Its just a fun little secret in every show to try and find. It makes watching the show that much more entertaining.


----------



## DinohScene (Aug 8, 2012)

OP

This is for you:
[yt]4cEBkEigNi4[/yt]

(it's not Adventure time but still)


----------



## Black-Ice (Aug 8, 2012)

Welp, I think its time to start an argument.

Regular show is better


----------



## Hadrian (Aug 8, 2012)

Black-Ice said:


> Welp, I think its time to start an argument.
> 
> Regular show is better


I love Regular Show but nope Adventure Time is infinitely better, it's something that gets better on repeated viewing and you notice other things in there too. Also there is a hidden darkness about the world and the characters that you don't quite notice on first viewing. Regular Show, to be honest is just repeating the same thing over and over. It's still very good but I fell Adventure Time is progressing with each series.

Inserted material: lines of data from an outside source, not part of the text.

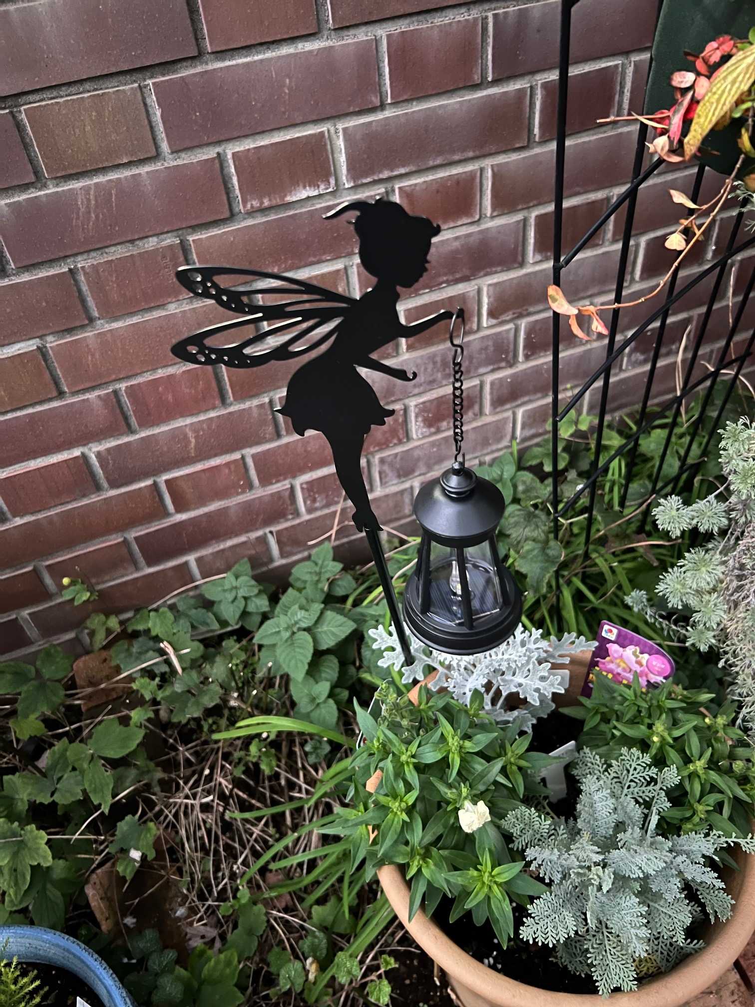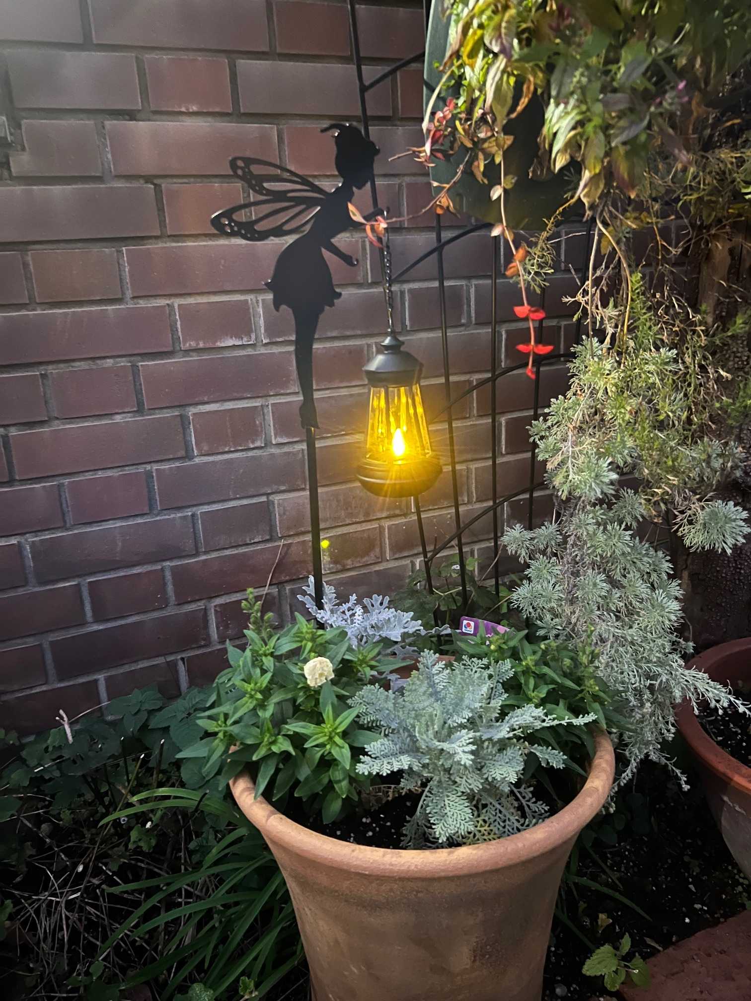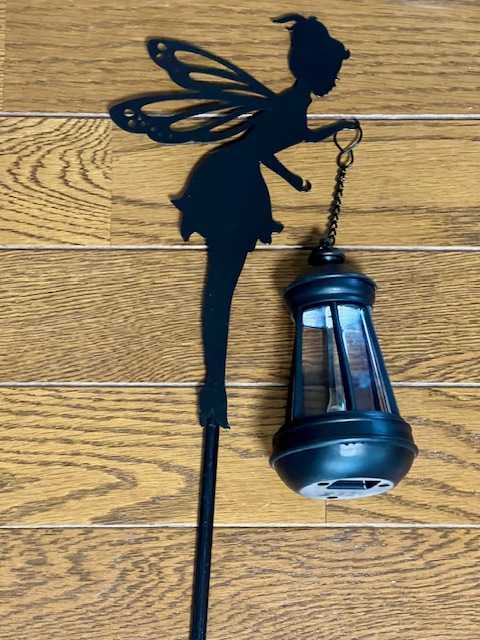 ティンカーベルのソーラーライトをハナミズキの下の花壇に挿したりしてみました。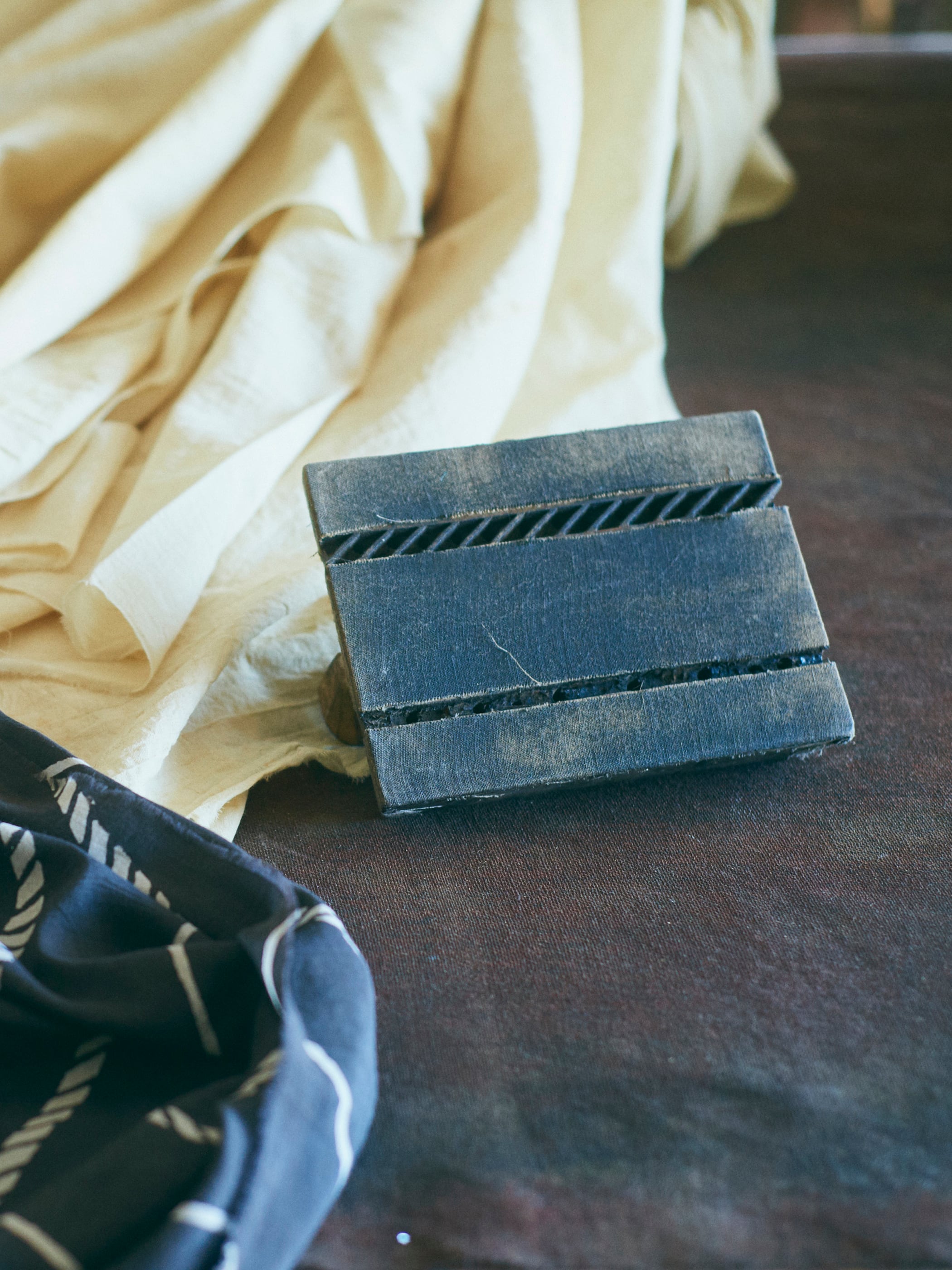 インド・ジャイプール近郊のバグルー村にて、古い鉄と砂糖を発酵させてつくる天然ミネラルと、花や植物の実などから得られる自然染料を用い、マトカシルクに木版(ブロックプリント)で染めを施しています。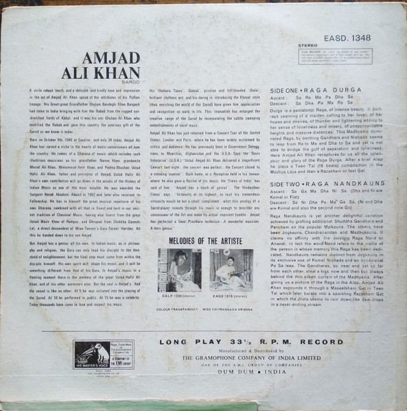 Raga Durga, Raga Nandkauns, Amjad Ali Khan, Vinyl Record, Lp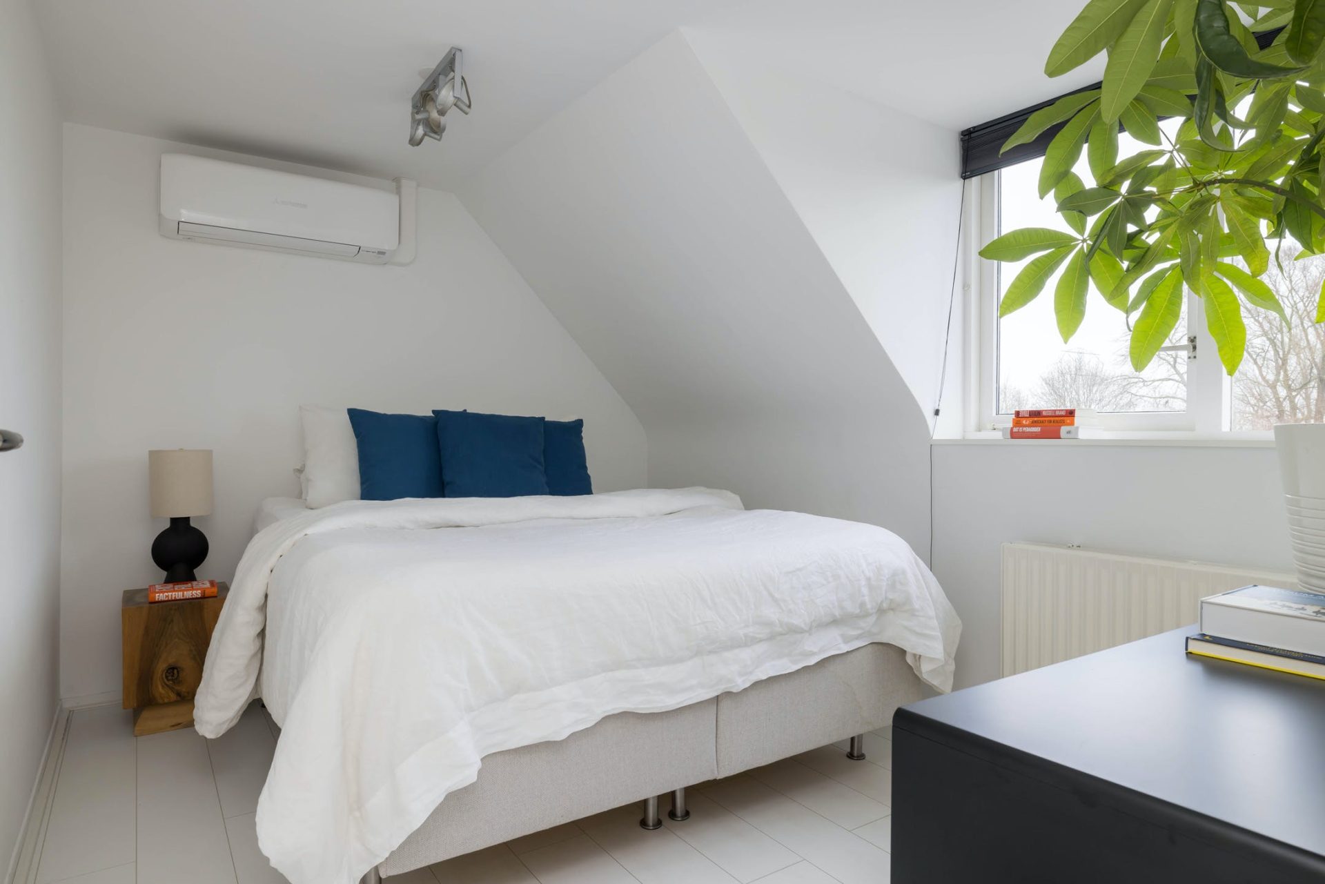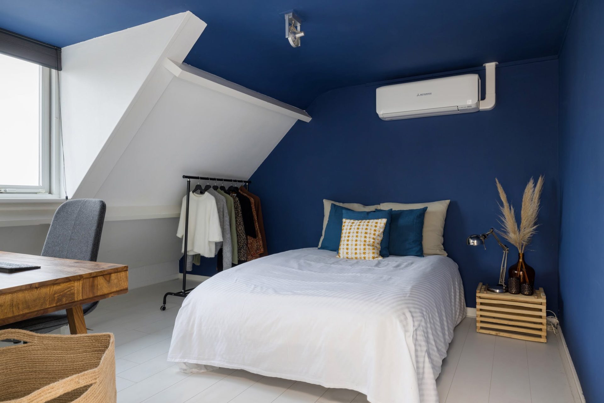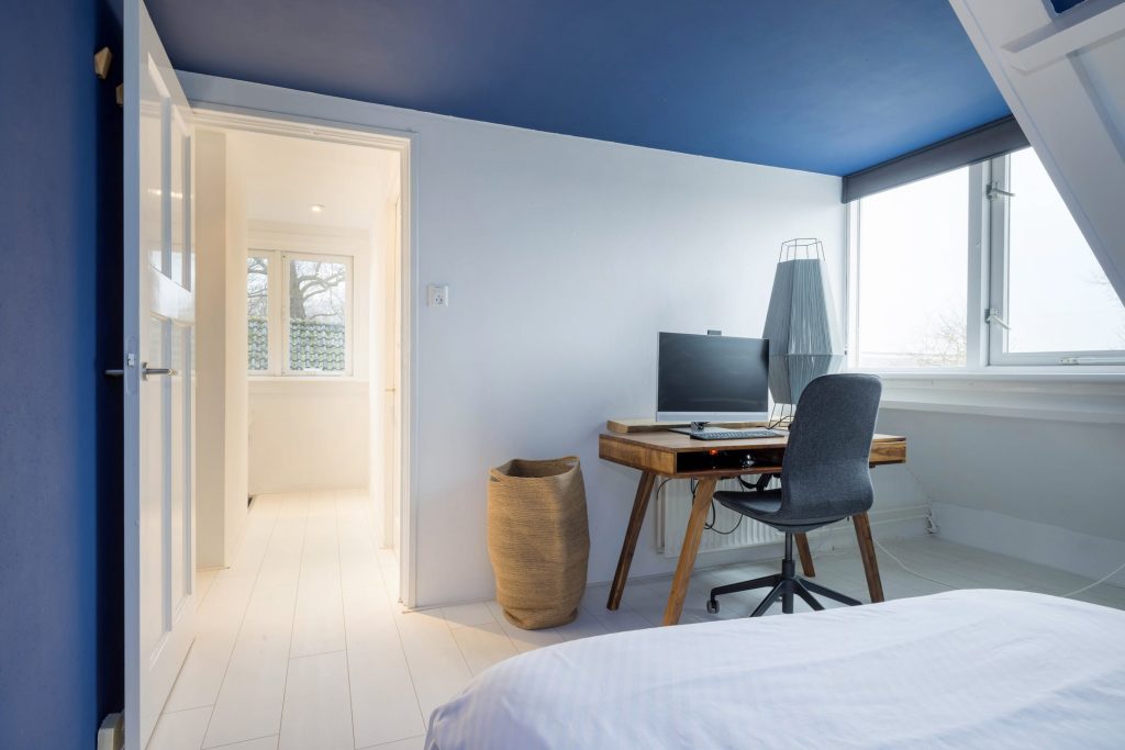 In het voorhuis, te bereiken via de trap in de hal, zijn drie slaapkamers en de badkamer gesitueerd. Dankzij de dakkapellen bieden de slaapkamers en de badkamer genoeg ruimte. De badkamer is ingedeeld met een douche, toilet en een wastafelmeubel. Deze twee slaap-/werkkamers zijn voorzien van een airconditioning (2021)

As for the snail, I only noticed him after "In Your Footsteps" but things like this really make shows how this series is so much more advance than other shows for kids...and even for adults.


----------



## BORTZ (Aug 8, 2012)

Oh gosh, I like both shows equally. 

Huh i only remember that snail from the episode where jake spits his time between lady rainicorn and jake lol


----------



## chavosaur (Aug 8, 2012)

Yep that snail be putting himself everywhere!
And i totally agree hadrian, the show is extremely deep for a kids show. The creator drips so many hints into the actual history of the world.
for instance, the land of ooo? Is actually a post apocalyptic earth after some kind of nuclear war. Hence why some charecters in the show refer to somthing known as the "Great Mushroom War" (a reference to a mushroom cloud) and in the beginning of the shows opening theme you can see nuclear warheads buried in the ground.


----------



## Fishaman P (Aug 8, 2012)

LOL...

1) Saying you're a fan of the series
2) Taking that long to notice the snail
3) "Appears to be very crucial to the plot as well, as he was featured in the episode with the bear".  OH MY GOD THAT'S LIKE THE LICH'S 5TH APPEARANCE.


----------



## Black-Ice (Aug 8, 2012)

Same as Bortz.
I like both equally. There's something about them both that are somewhat hilarious.
Hmm, both have alot of hidden things too. They make Cartoon Network worth my morning, assuming i'm ever awake then.


----------



## chavosaur (Aug 8, 2012)

Fishaman P said:


> LOL...
> 
> 1) Saying you're a fan of the series
> 2) Taking that long to notice the snail
> 3) "Appears to be very crucial to the plot as well, as he was featured in the episode with the bear".  OH MY GOD THAT'S LIKE THE LICH'S 5TH APPEARANCE.


1. Big fan of the series
2. Never stated the exact date I noticed the snail because I have no idea, I just chose now to post about it.
3. Used that example as the crucial part because it is the first time the snail possesed by the lich has been used as a crucial plot point. The lich has appeared before yes. But not in a snail form until that exact episode.
And i will add a number four as theres no need to attack my fandom of the series, when you dont know the exact reasonings behind the posting. Chill out my friend.


----------



## KingVamp (Aug 8, 2012)

Tbh, I seen it, but I didn't really focus on it.  I be like  and carry on.


----------



## Hadrian (Aug 8, 2012)

Man the latest episode is awesome!

Such a shame this series is just 10 minutes a week, I guess best things do come in small packages.


----------



## Gahars (Aug 9, 2012)

I know quite a few shows have little easter eggs like this (I think the Grey aliens make an appearance in every South Park episode, or something like that), but I love the fact that Adventure Time has made it part of the plot.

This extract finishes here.